I slid into the booth and ordered a cup of coffee, hoping the conversation wouldn’t take too long. Caroline and I were planning to take our grandson and niece to Dollywood that afternoon and I wanted to be back home by ten. Pete was already munching on a muffin and sipping from a glass of milk. He smiled and offered his right hand across the table.
“Appreciate you taking the time to talk to me,” he said.
“Are we on or off the record?” I asked. “I always like to get that straight on the front end.”
“How about we just have a discussion and then if I want to quote you on something, I’ll ask.”
“Sounds good,” I said. “What do you want to discuss?”

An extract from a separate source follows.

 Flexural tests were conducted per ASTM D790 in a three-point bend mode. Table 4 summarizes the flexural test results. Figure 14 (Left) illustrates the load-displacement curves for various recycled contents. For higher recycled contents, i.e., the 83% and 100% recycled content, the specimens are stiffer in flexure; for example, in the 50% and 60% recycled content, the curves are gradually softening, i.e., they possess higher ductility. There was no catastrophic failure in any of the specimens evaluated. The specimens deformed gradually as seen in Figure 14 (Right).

“Have you ever heard of Russo’s gold?”
“Russo’s gold? I don’t think so, Pete.”
“It’s one of those legends that might actually have some truth to it,” he said. “Starts back in the thirties. This Philadelphia mobster named Carmine Russo supposedly did a lot of business with a local moonshiner named Hack Barnes. Hack Barnes was Roscoe Barnes’s great-granddaddy, and the story goes that he and Russo became pretty tight over the years. He lived on the property Roscoe owns, or owned until he killed himself. Carmine Russo was the top mobster in Philadelphia and finally got himself arrested by the feds. He was looking at five, maybe six years in jail for tax evasion, and he knew he wouldn’t be able to hold onto his rackets from inside prison. He also apparently didn’t have anybody in Philadelphia he could trust, so the story is that he converted a bunch of his cash to gold and brought it down here to Hack Barnes so Hack could hide it and hold it for him until he got out of jail. His plan was to retrieve the gold when he got out and buy his way back into power on the streets, but his plan didn’t work out because he wound up with pancreatic cancer and died a little over a year after he went to jail. Right around the same time Russo died, Hack Barnes, his wife and two of his children were murdered in their home. The old news stories called it the Buck Mountain Massacre. Nobody was ever arrested for the murders, but a Thompson sub-machine gun was used in the killings and there was a lot of speculation that mobsters were involved. The scuttlebutt has always been that Carmine Russo – or his wife – sent some of Carmine’s boys down here to get the gold back from Hack Barnes since Carmine knew the cancer was going to kill him. Hack wouldn’t give it to them so they killed him.”
“And the gold stayed put wherever Hack Barnes hid it,” I said.
“Exactly.”
“Nice story. You planning to print it and somehow tie it to Roscoe’s death?”
“I was hoping you might be able to help me out with that. You were representing Roscoe in a lawsuit that was filed by his son. Did he say anything about finding any gold?”
“If he did, I wouldn’t be able to tell you, but what I can tell you, with complete honesty, is that Roscoe Barnes didn’t say a word to me about any gold.”